→ Goal of the exercise
Retype the listing below line for line, but only from the line with "Braun 499 C 0/56/60/47" down to the line with "Ein zentrales Problem", inclusive. Pictures stay out.

==== Input for this task ====

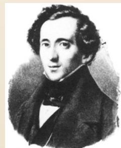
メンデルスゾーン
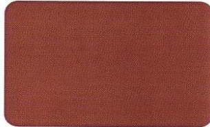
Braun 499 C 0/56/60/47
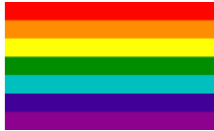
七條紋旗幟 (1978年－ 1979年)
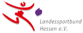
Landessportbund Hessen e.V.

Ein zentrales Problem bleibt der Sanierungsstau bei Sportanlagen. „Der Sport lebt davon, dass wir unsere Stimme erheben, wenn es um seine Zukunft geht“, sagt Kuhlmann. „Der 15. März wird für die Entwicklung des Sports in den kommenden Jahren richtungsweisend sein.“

====
==== Input for this task ====

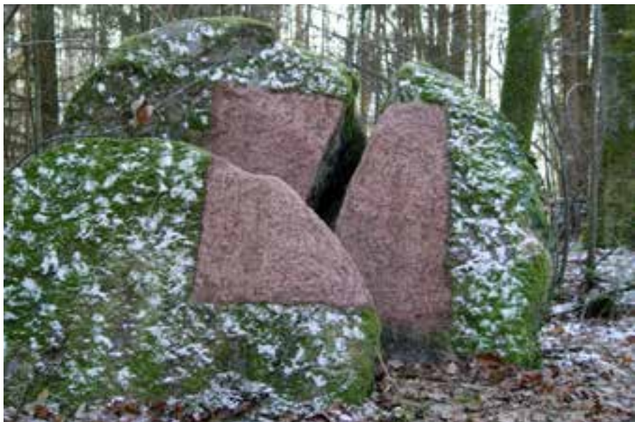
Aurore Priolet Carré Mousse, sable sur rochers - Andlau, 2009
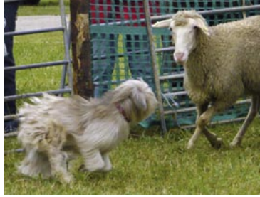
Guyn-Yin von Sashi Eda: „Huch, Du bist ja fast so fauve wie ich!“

====

→ Task response
Braun 499 C 0/56/60/47
七條紋旗幟 (1978年－ 1979年)
Landessportbund Hessen e.V.

Ein zentrales Problem bleibt der Sanierungsstau bei Sportanlagen. „Der Sport lebt davon, dass wir unsere Stimme erheben, wenn es um seine Zukunft geht“, sagt Kuhlmann. „Der 15. März wird für die Entwicklung des Sports in den kommenden Jahren richtungsweisend sein.“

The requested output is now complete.